ICC deputy prosecutor to be recommended as next chief prosecutor

[JURIST] Fatou Bensouda [official profile] of the Gambia, Deputy Prosecutor of the International Criminal Court (ICC) [official website], will be formally recommended Thursday to succeed Chief Prosecutor Luis Moreno-Ocampo [official profile] when his nine-year term expires next year. Liechtenstein's UN Ambassador Christian Wenaweser, current president of the Assembly of States Parties (ASP) to the Rome Statute that set up the ICC, announced Wednesday that he will recommend Bensouda as the sole candidate [Reuters report] for the position, an endorsement to be made at a meeting of ICC members at which member states are required to reach an informal consensus on one candidate. That candidate then must receive an absolute majority of the formal vote via secret ballot at a session of the 118-nation ASP on December 12 in New York. Amnesty International (AI) [advocacy website], which called for full transparency in the selection process, noted that the Rome Statute sets out clear criteria for electing a Prosecutor [press release], who "must be of high moral character and have extensive practical experience in the prosecution or trial of criminal cases." Bensouda has been Deputy Prosecutor of the ICC since 2004, and has long been considered the favorite to succeed Ocampo, as many of the ICC's cases currently focus on Africa. Additionally, Bensouda has the backing of the African Union [official website], the support of which has been critical to the ICC. If formally selected she will take office in July 2012.

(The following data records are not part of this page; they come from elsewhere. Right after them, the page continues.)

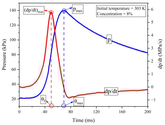 Pressure and dp/dt curves of one test at 303 K and 8% concentration.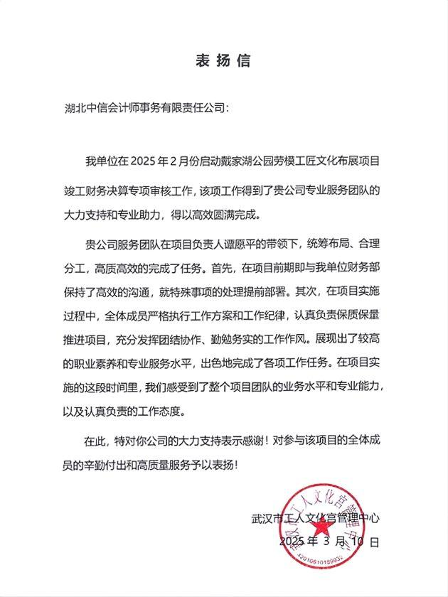 武漢市工人文化宮管理中心表?yè)P(yáng)信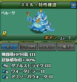 あとスキュラが水ボ16までいきました! メインに食べさせたいところだけど、同種ボーナスがあるから20まで我慢しなきゃダメかな。メインちゃんたちレベルが上がってるだけで素のスキルしか持ってないんですが…(URスキルはMP消費激しいよね…)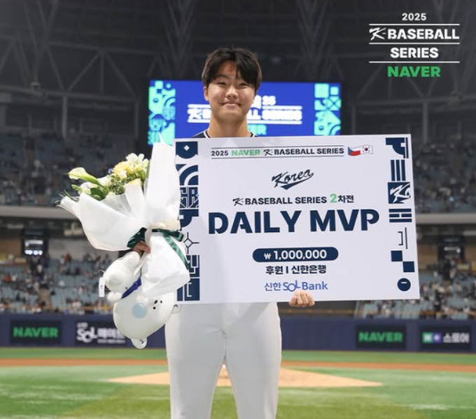 | [서울=뉴스핌] 한화의 정우주가 지난 9일 체코와의 평가전 2차전에서 불펜 투수로 투입된 후 데일리 MVP에 선정됐다. [사진 = KBO SNS] 2025.11.09 wcn05002@newspim.com |
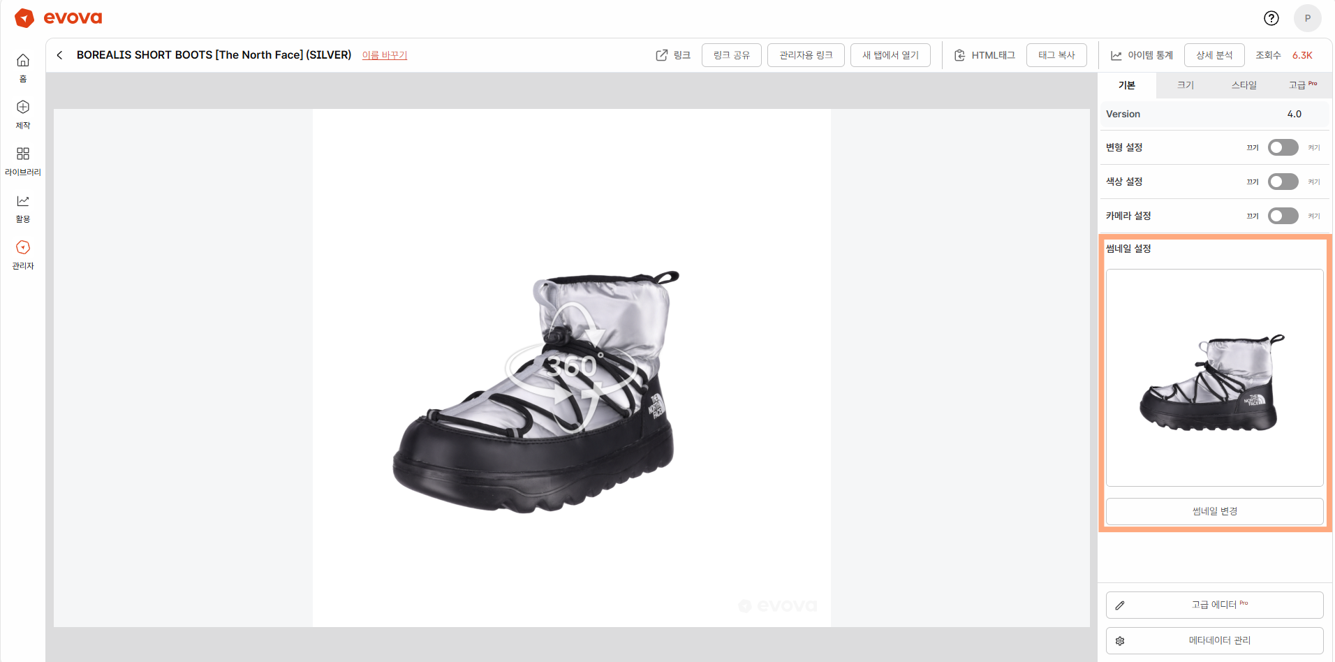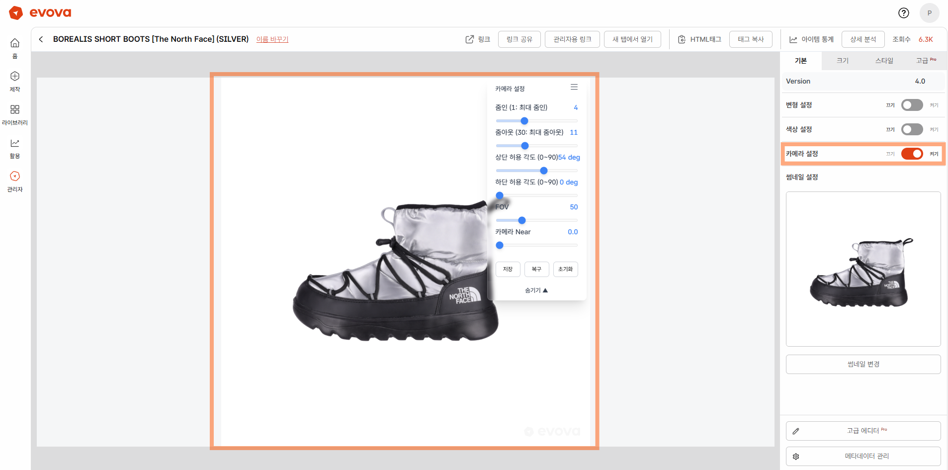 - 3D 모델 회전: X, Y, Z축 기준으로 제품을 회전시켜 정면 또는 원하는 각도로 조정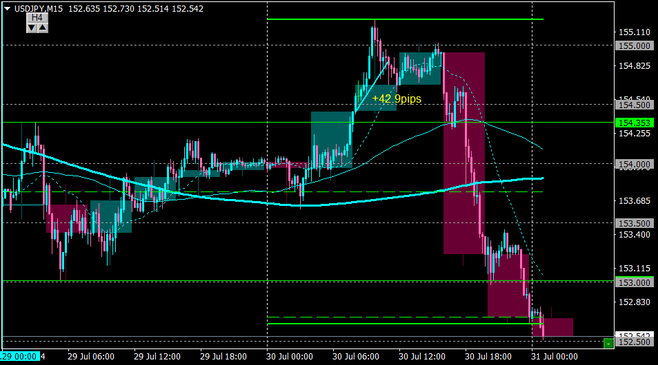 155.0の戻り高値で上げ止まったのでイグジット。+42.9pips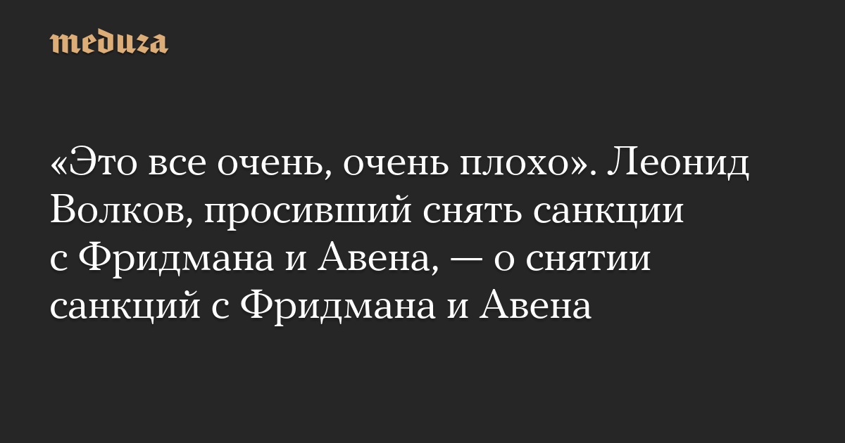 «Это все очень, очень плохо». Леонид Волков, просивший снять санкции с Фридмана и Авена, — о снятии санкций с Фридмана и Авена

In October the Search Committee for the position of the Prosecutor of the ICC [official website] submitted [JURIST report] its consensus report to the Bureau of the ASP with the shortlist of four names after interviewing eight candidates from a list of 52 potentials. There was one other African on the list, Mohamed Chande Othman of Tanzania, currently Chief Justice of the Judiciary of Tanzania [official website]. Also on the list were Andrew Cayley [official profile] of the UK, International Co-Prosecutor at the Extraordinary Chambers in the Courts of Cambodia, and Robert Petit of Canada, Counsel, Crimes Against Humanity and War Crimes [official website] Section of Canada's Department of Justice. As its first Prosecutor, Argentinian Ocampo has been widely praised for his promotion of the work of the ICC. During his tenure he has launched seven formal investigations, begun three trials and issued arrest warrants for Sudanese president [JURIST reports] Omar al-Bashir [case materials; JURIST news archive] and other military leaders wanted for human rights violations. However Ocampo has also been criticized [JURIST report] for the ICC's slow progress in achieving results, particularly in failing to bring a larger number of senior government officials to trial for various atrocities.